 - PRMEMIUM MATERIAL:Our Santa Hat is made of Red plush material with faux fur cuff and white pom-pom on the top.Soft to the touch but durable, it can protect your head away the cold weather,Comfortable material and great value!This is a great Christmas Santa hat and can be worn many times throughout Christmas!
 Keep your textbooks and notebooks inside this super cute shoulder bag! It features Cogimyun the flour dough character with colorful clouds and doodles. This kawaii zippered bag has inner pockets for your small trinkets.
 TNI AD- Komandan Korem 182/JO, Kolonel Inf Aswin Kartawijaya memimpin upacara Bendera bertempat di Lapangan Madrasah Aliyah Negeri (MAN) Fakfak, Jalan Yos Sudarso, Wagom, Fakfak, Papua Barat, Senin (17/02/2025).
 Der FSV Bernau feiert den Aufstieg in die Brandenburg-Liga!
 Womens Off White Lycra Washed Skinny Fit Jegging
---
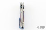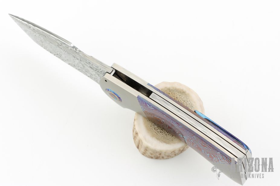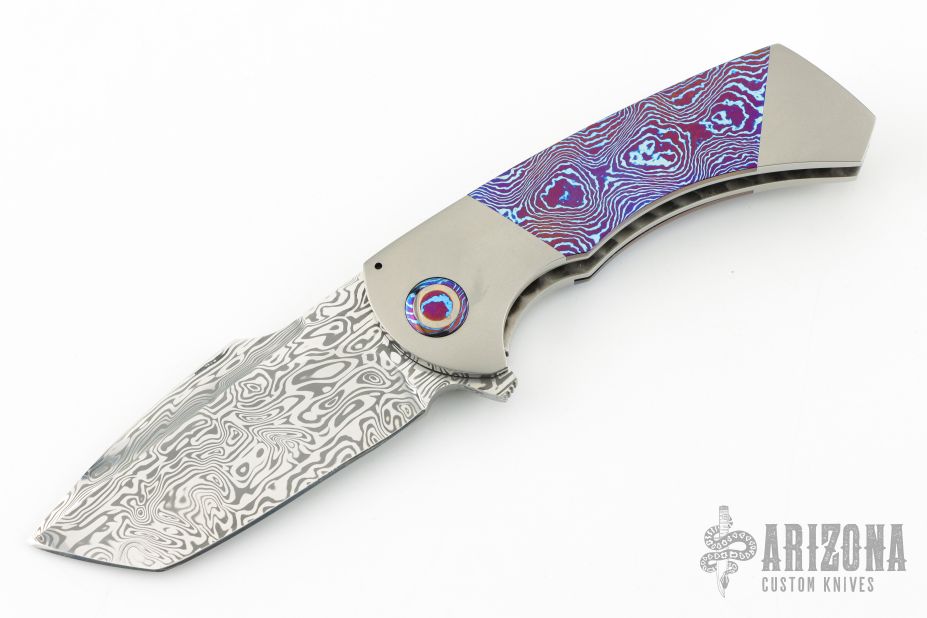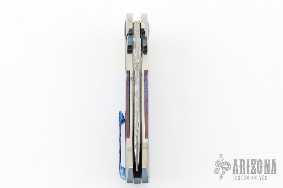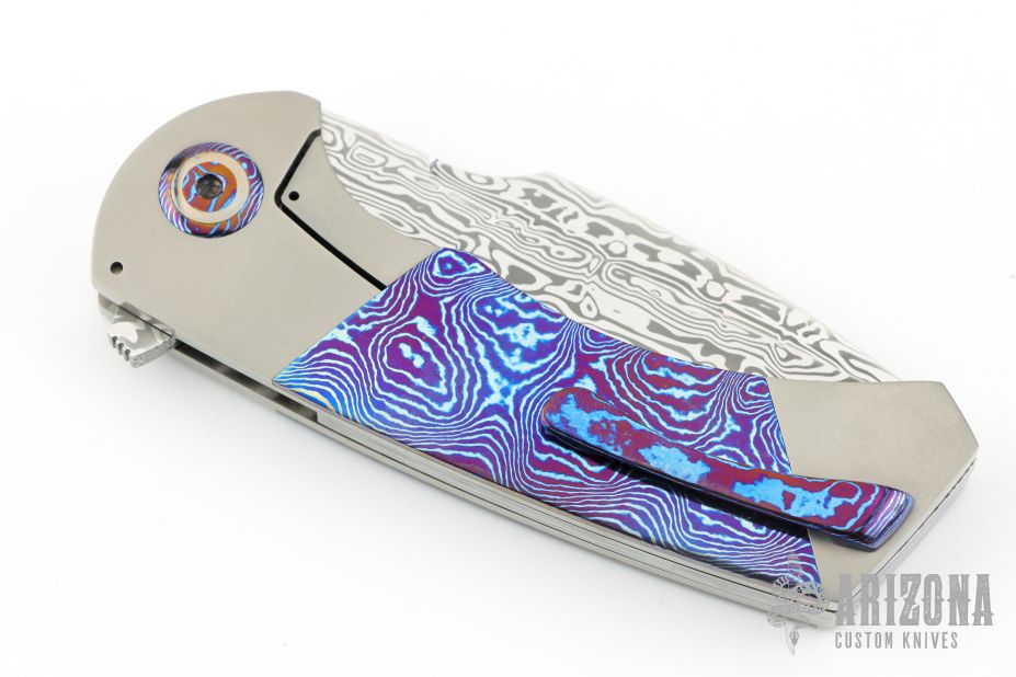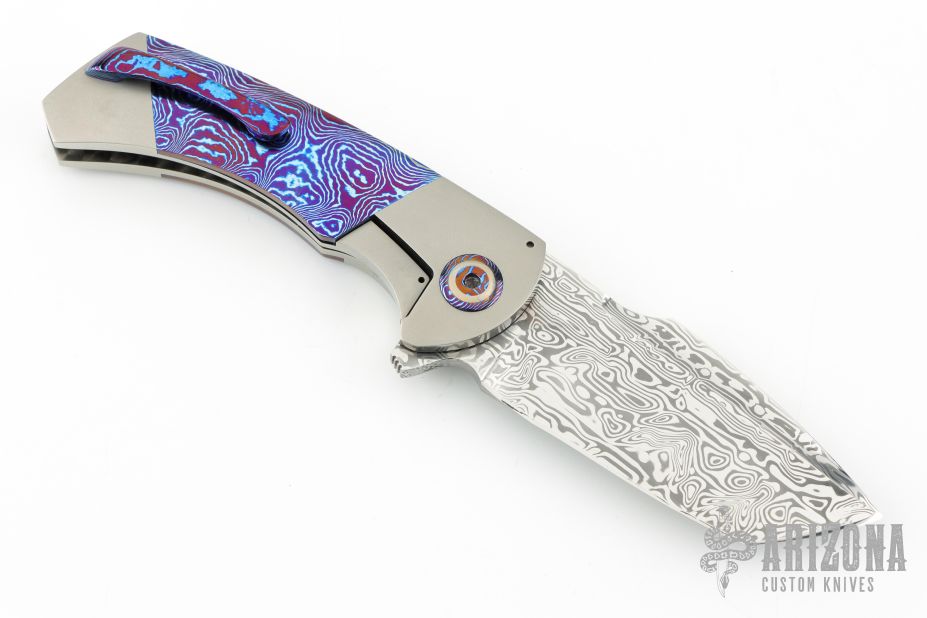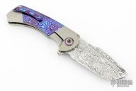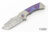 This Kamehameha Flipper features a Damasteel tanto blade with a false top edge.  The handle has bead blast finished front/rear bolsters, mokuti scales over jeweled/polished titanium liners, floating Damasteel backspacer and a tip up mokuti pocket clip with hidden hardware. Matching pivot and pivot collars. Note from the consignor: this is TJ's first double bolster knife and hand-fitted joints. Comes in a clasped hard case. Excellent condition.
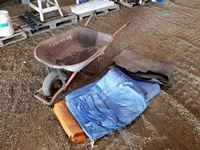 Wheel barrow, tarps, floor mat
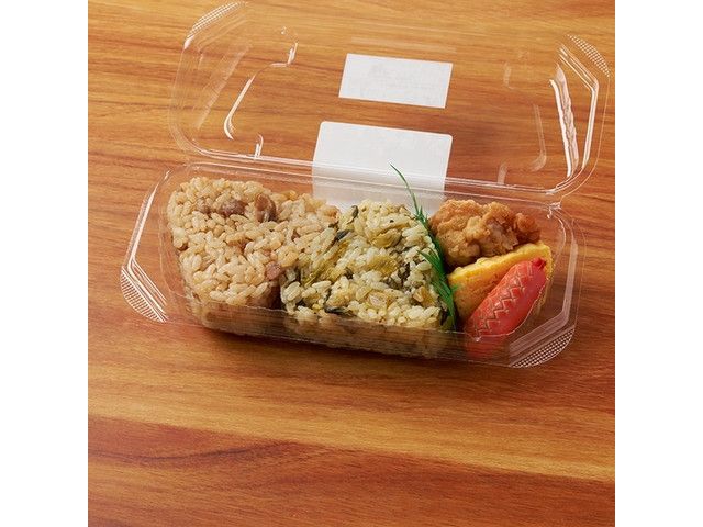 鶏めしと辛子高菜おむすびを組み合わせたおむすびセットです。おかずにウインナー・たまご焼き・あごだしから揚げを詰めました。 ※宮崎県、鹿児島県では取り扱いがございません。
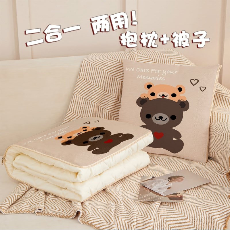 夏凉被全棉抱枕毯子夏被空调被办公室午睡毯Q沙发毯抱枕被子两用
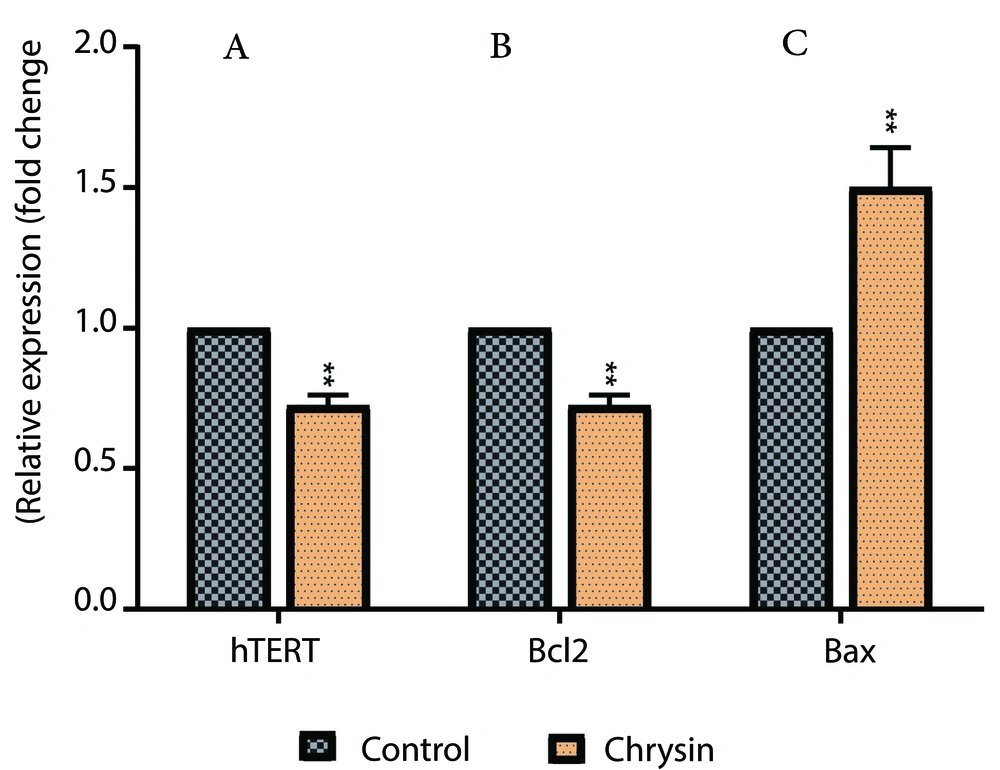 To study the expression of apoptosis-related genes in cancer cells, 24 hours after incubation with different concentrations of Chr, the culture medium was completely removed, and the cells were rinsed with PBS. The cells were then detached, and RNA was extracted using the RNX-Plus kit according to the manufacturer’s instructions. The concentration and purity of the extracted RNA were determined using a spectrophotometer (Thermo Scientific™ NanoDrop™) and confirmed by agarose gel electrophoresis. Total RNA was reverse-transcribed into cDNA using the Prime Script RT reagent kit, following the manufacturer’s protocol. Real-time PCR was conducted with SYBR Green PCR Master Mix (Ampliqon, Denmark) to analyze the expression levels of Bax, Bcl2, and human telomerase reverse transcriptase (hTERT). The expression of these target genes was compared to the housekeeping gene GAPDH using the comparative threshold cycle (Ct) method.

• Try it:
A word-for-word copy of the lines above from the one with "Keep your textbooks" through the one with "Womens Off White", inclusive, is the only output wanted.

• Written solution:
 Keep your textbooks and notebooks inside this super cute shoulder bag! It features Cogimyun the flour dough character with colorful clouds and doodles. This kawaii zippered bag has inner pockets for your small trinkets.
 TNI AD- Komandan Korem 182/JO, Kolonel Inf Aswin Kartawijaya memimpin upacara Bendera bertempat di Lapangan Madrasah Aliyah Negeri (MAN) Fakfak, Jalan Yos Sudarso, Wagom, Fakfak, Papua Barat, Senin (17/02/2025).
 Der FSV Bernau feiert den Aufstieg in die Brandenburg-Liga!
 Womens Off White Lycra Washed Skinny Fit Jegging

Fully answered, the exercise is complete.